Quote only the lines that start at the line with "選手達はホテルに戻る途中に市" and run to the end of the entries; omit the pictures.

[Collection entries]
[Start of section]

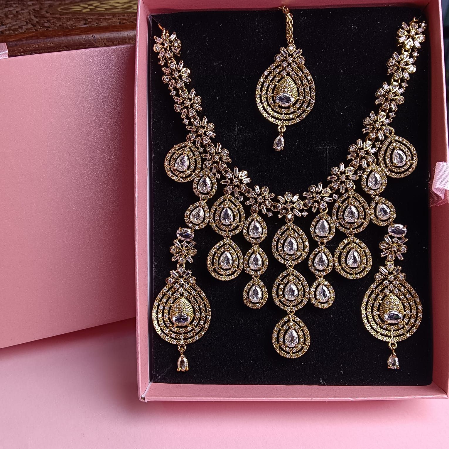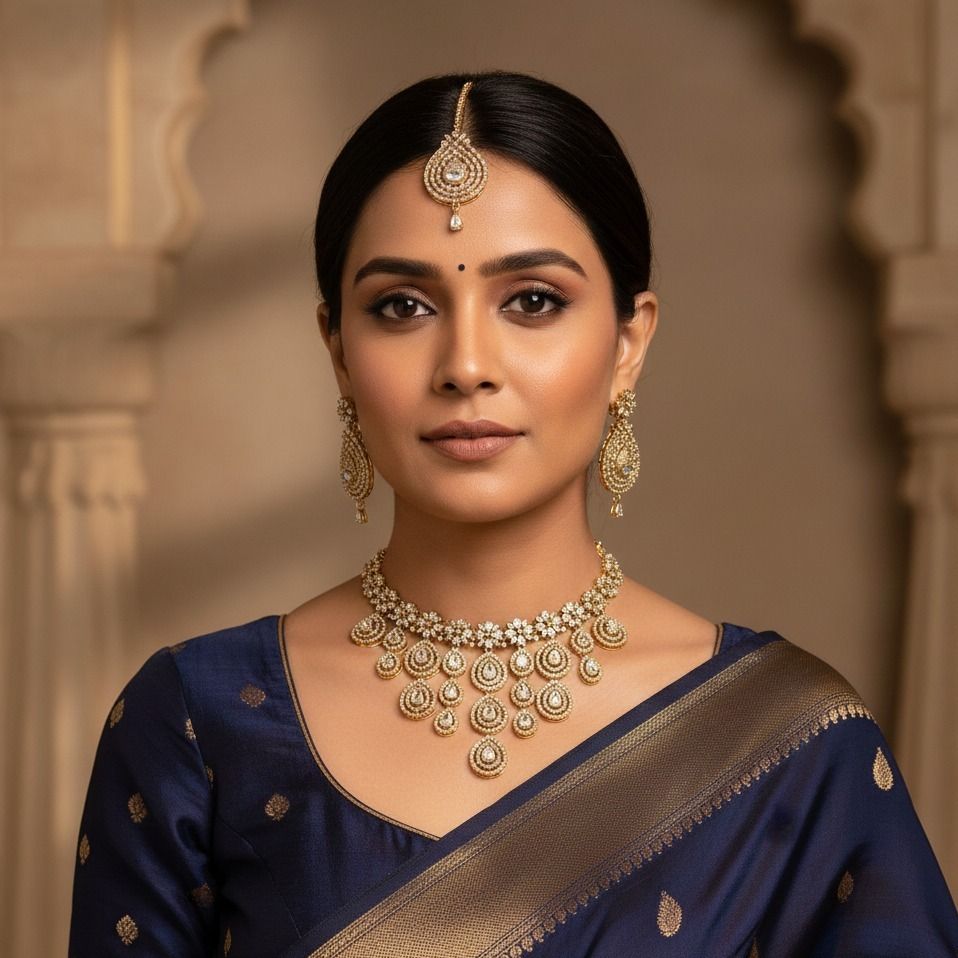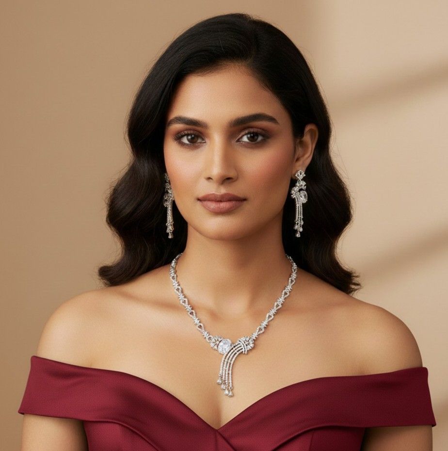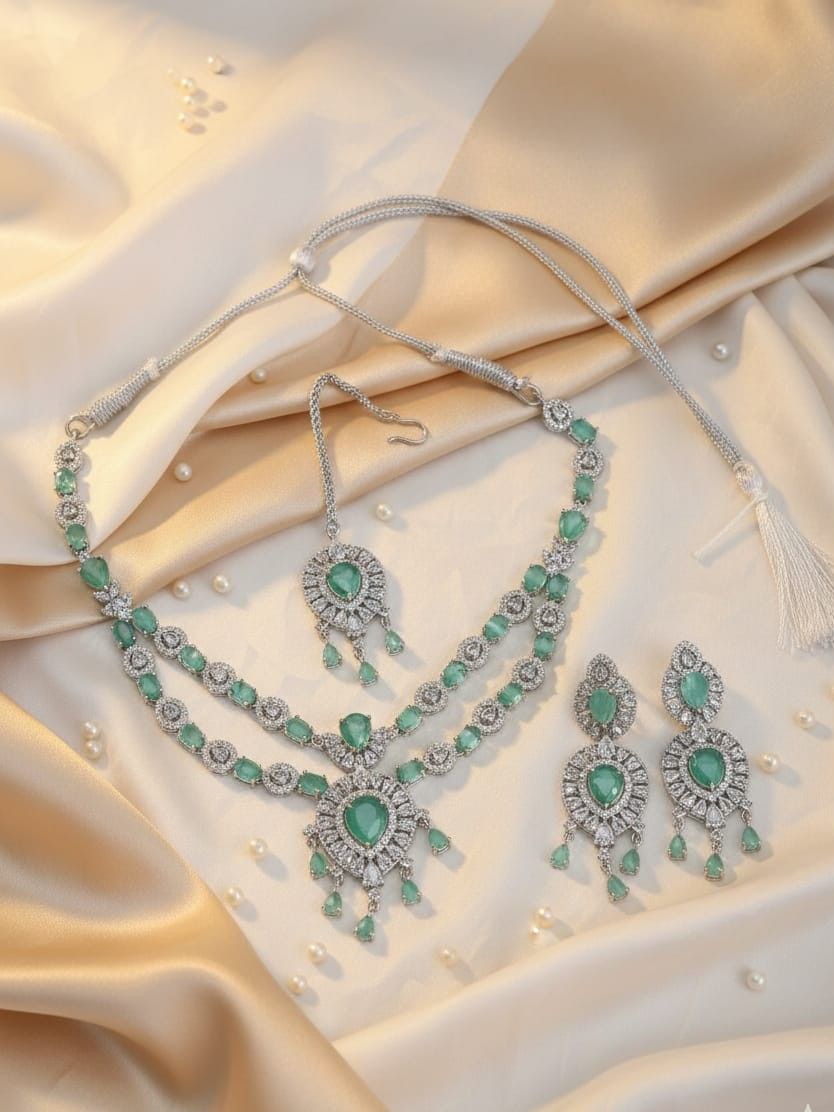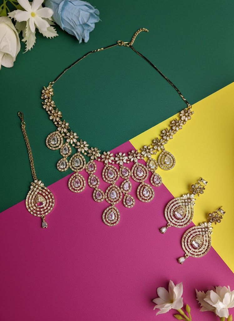Leading Manufacturers, Exporters, Wholesaler, Retailer and Trader of American Diamond Necklace Set, Antique South Indian Temple Jewelry Set, Elegant Sapphire-Voilet Statement Necklace Set, Elegant South Indian Temple Jewelry, Floral Resin Choker Necklace Set, Gold-Tone Cubic Zirconia Necklace Set, Gold-Tone Slip-On Necklace & Bracelet Set, Green Teardrop AD Necklace Set, Luxury Dual-Tone Necklace & Earrings Set, Minimal Gold-Tone Pear Stone Necklace Set, Multi-Layer Emerald-Green Cz Necklace Set, Premium Blue Cz Jewelry Set, Premium Blue Teardrop Statement Necklace Set, Premium Gold-Tone Teardrop Necklace Set, Premium Mint Green Cz Stone Necklace Set, Romantic Pink Cz Necklace Set, Royal Kundan Heritage Choker Jewelry Set, Sparkling Silver-Tone Cz Statement Necklace Set, Traditional Gold-Tone Pearl Choker Necklace Set and Women’S Indian Necklace Set from Delhi.
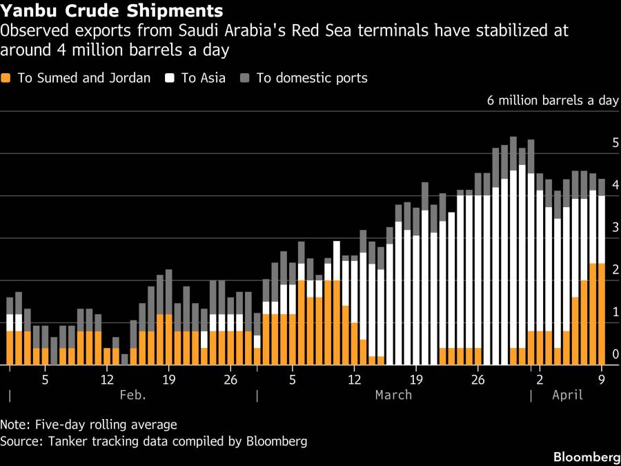 Arab Saudi telah melipatgandakan pengiriman minyak mentah dari terminal Laut Merah menjadi sekitar 4 juta barel per hari sejak akhir Februari, meredam dampak penutupan hampir total Selat Hormuz. Ekspor tetap stabil pada level tersebut, menurut data pelacakan kapal tanker yang dikumpulkan oleh Bloomberg.
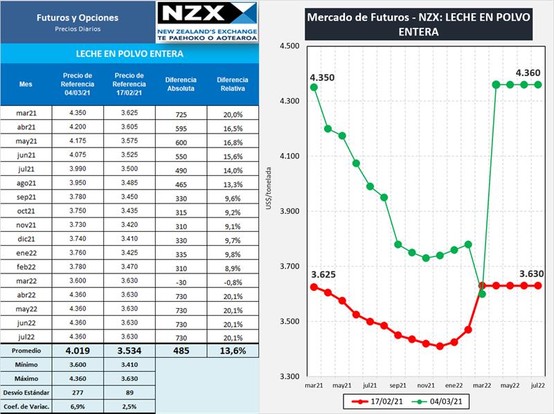 Mercado de Futuros NZX – Leche en Polvo Entera 4/3/2021
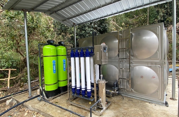 項目名稱:上林鼓鳴寨4噸生活用水設備 設備名稱:4噸超濾凈水設備 工藝流程:自來水-原水箱-石英砂過濾器-活性炭過濾器-精密過濾器-超濾設備-紫外線消毒器-變頻供水-各用水點...
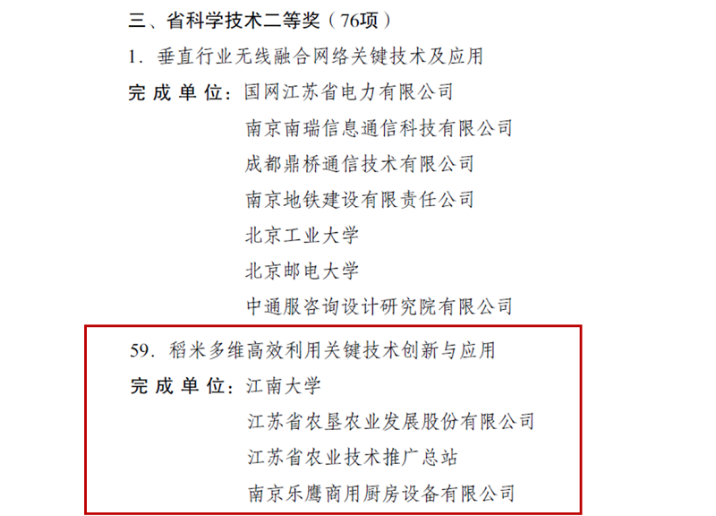 • 近日,江苏省人民政府发布《省政府关于2021年度江苏省科学技术奖励的决定》(苏政发〔2022〕28号),江苏省农垦农业发展股份有限公司与江南大学等单位合作研发的“稻米多维高效利用关键技术创新与应用”成果荣获二等奖,这是苏垦农发公司组建以来首次获得该奖励,彰显公司在农产品精深加工领域内突出的研发能力和创新潜质。
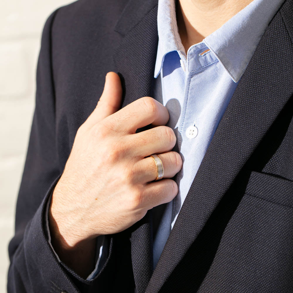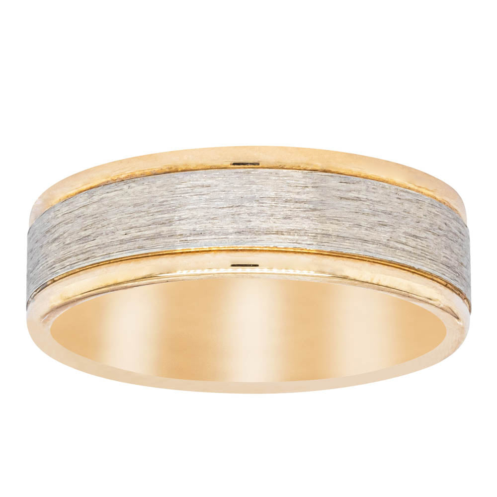 This luxurious 9ct yellow and white gold band is 6mm wide.
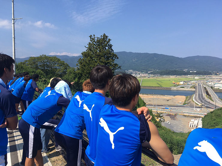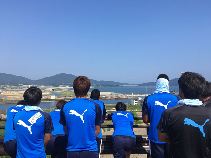 選手達はホテルに戻る途中に市内を見渡せる高台で、バスから降り、現在の街並みの様子を見ながら当時の津波が襲った街の状況も聞いていました。その後、過去にサッカー教室を開催したこともあった高田小学校へ。
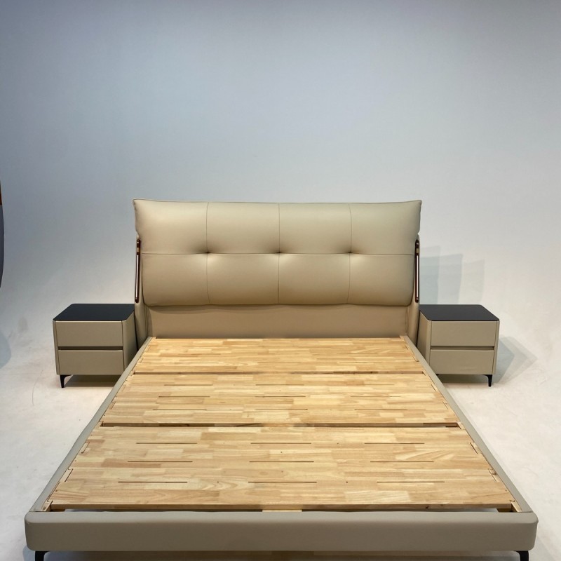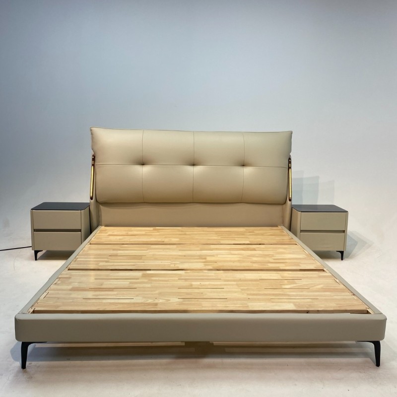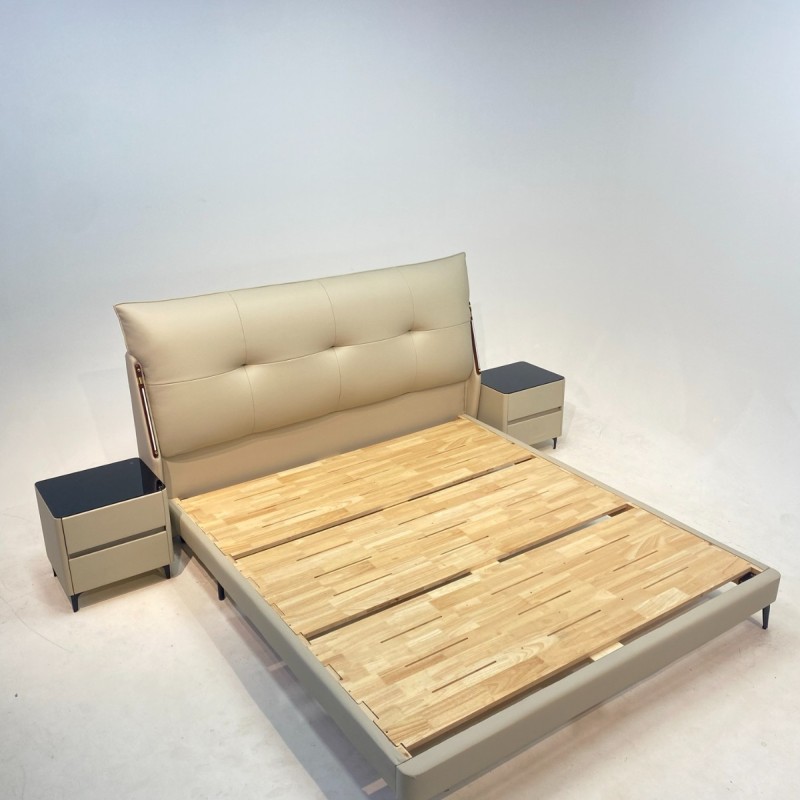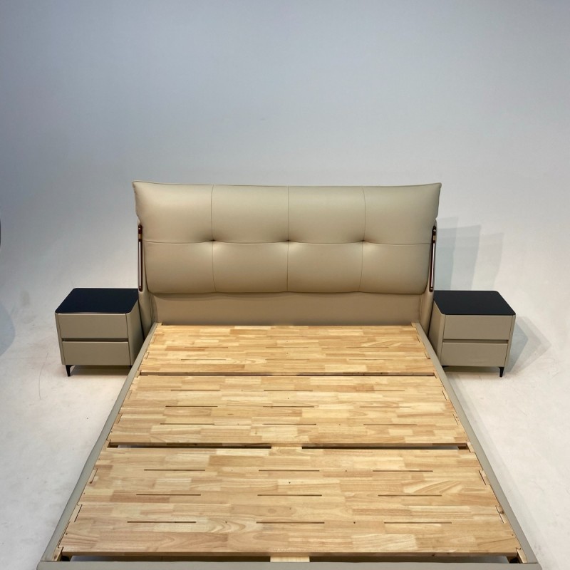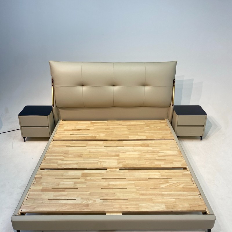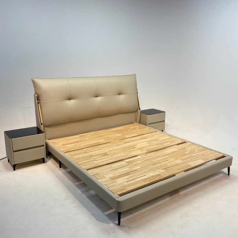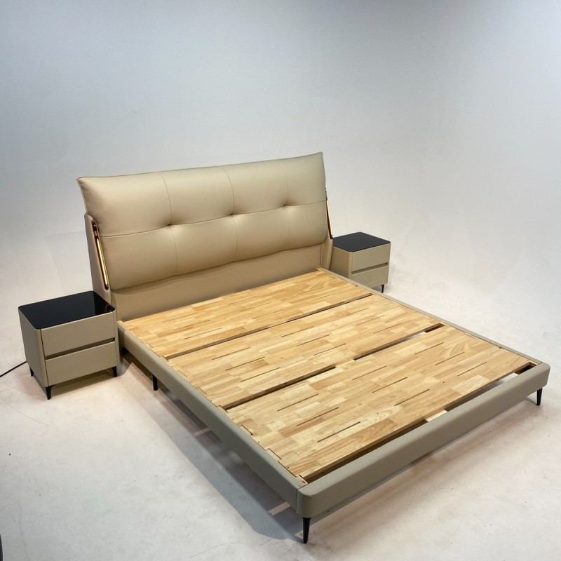 815#带灯 面料:生态真皮 颜色:珠白N-2 6×11公分全实木燕尾榫橡胶木床边,2公分厚,三大块满铺橡胶木床板 配轻奢玻璃柜(可换岩板)

[End of section]

Output of the task
 選手達はホテルに戻る途中に市内を見渡せる高台で、バスから降り、現在の街並みの様子を見ながら当時の津波が襲った街の状況も聞いていました。その後、過去にサッカー教室を開催したこともあった高田小学校へ。
 815#带灯 面料:生态真皮 颜色:珠白N-2 6×11公分全实木燕尾榫橡胶木床边,2公分厚,三大块满铺橡胶木床板 配轻奢玻璃柜(可换岩板)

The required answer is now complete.